The error in my proof was that to properly rehomogenize the expression proving $F_a$ was in $P_a$, we may need to multiply by a higher power of $a$ than $\deg F_a$.
Thus we instead must conclude that $a^kF \in P$ for some $k$ rather than $F\in P$. Choose another variable to dehomogenize at, say $b$. Then $a^kF_b \in P_b$, and $P_b$ is prime, but $a\not \in P_b = (ae-d,f-ce)$. Thus $F_b\in P_b$, so $b^jF\in P$ as well. The choice of variable was irrelevant here. Thus for any of the variables $x$, we get $x^{n_x}F \in P$ for some nonnegative integer $n_x$.

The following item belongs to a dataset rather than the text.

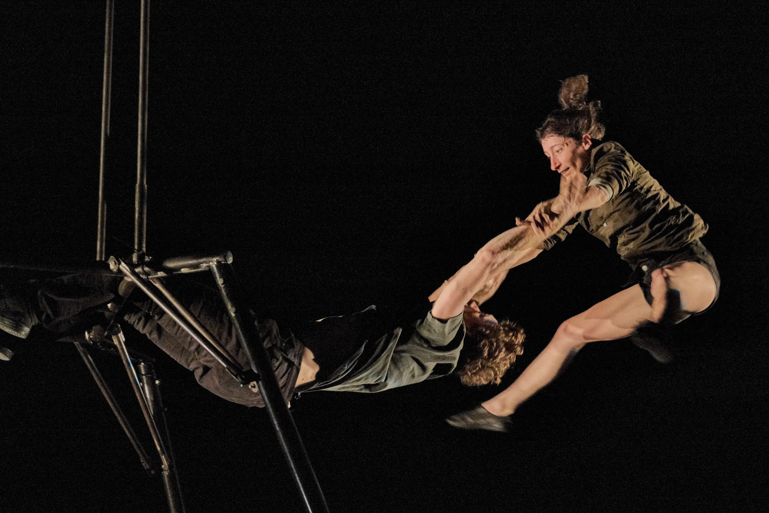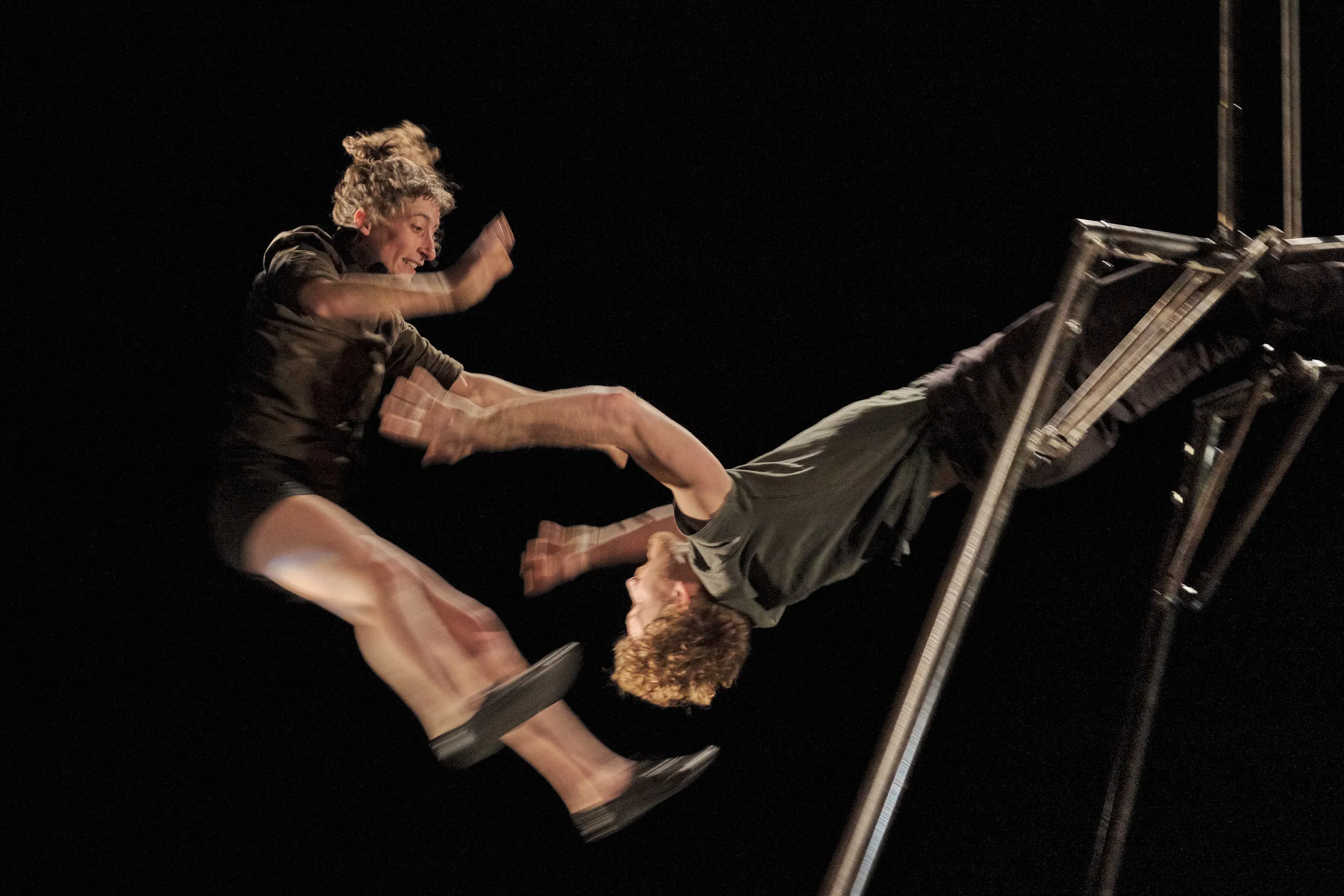 Inès Maccario avec Antoine Deheppe, dans le spectacle Contre-Temps

A: Here is a way to prove irreducibility of
$$X=\{A\in\mathrm{Mat}_{n\times m}(K)\mid \mathrm{rank}A\leq r\}.$$
It can be seen as the image of the map $$\phi:\mathrm{Mat}_{n\times r}(K)\times \mathrm{Mat}_{r\times m}(K)\ni (M,N)\mapsto MN\in X.$$
$\phi$ is a polynomial map and hence Zariski continuous.  Further, $$\mathrm{Mat}_{n\times r}(K)\times \mathrm{Mat}_{r\times m}(K)\cong K^{nr+rm}$$ is irreducible, thus so is $X$ (because continuous images of irreducible spaces are irreducible).